+++ RECORDS FOR THE EXERCISE
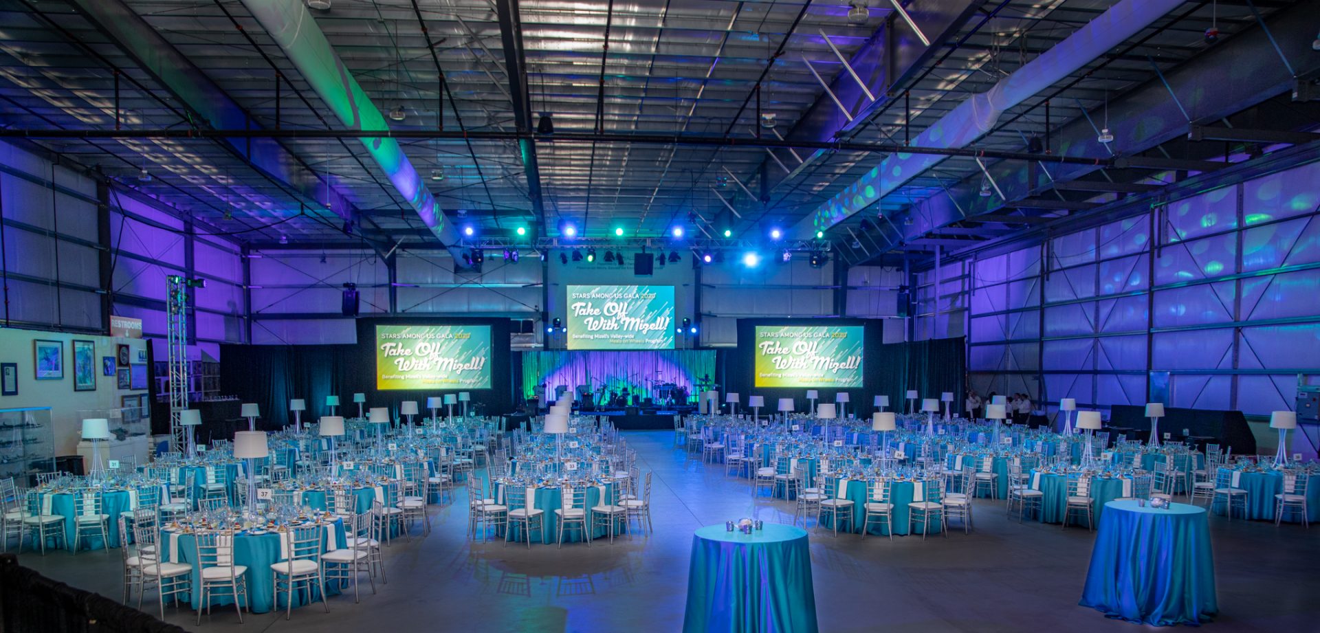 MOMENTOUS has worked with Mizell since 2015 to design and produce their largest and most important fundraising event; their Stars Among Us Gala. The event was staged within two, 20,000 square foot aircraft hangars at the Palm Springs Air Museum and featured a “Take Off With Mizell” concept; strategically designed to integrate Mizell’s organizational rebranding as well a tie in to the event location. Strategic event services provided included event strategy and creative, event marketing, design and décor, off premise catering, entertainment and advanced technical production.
++++++
+++ RECORDS FOR THE EXERCISE
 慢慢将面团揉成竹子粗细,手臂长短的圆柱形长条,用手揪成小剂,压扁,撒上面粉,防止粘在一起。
++++++
+++ RECORDS FOR THE EXERCISE
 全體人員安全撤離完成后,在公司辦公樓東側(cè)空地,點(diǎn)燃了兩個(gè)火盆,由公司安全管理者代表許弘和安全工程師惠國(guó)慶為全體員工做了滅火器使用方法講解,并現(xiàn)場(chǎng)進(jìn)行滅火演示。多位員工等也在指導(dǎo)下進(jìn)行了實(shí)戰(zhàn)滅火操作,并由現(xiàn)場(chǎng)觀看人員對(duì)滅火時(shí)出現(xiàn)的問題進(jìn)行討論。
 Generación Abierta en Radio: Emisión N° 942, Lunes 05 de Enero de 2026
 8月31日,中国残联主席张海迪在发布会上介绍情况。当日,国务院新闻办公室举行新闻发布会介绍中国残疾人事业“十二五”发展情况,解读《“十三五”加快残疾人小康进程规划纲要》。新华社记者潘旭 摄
++++++
PROMPT
From the records above, print exactly the lines that run from the line with "Generación Abierta en" to the line with "8月31日,中国残联主席张海", inclusive.

EXPECTED ANSWER
 Generación Abierta en Radio: Emisión N° 942, Lunes 05 de Enero de 2026
 8月31日,中国残联主席张海迪在发布会上介绍情况。当日,国务院新闻办公室举行新闻发布会介绍中国残疾人事业“十二五”发展情况,解读《“十三五”加快残疾人小康进程规划纲要》。新华社记者潘旭 摄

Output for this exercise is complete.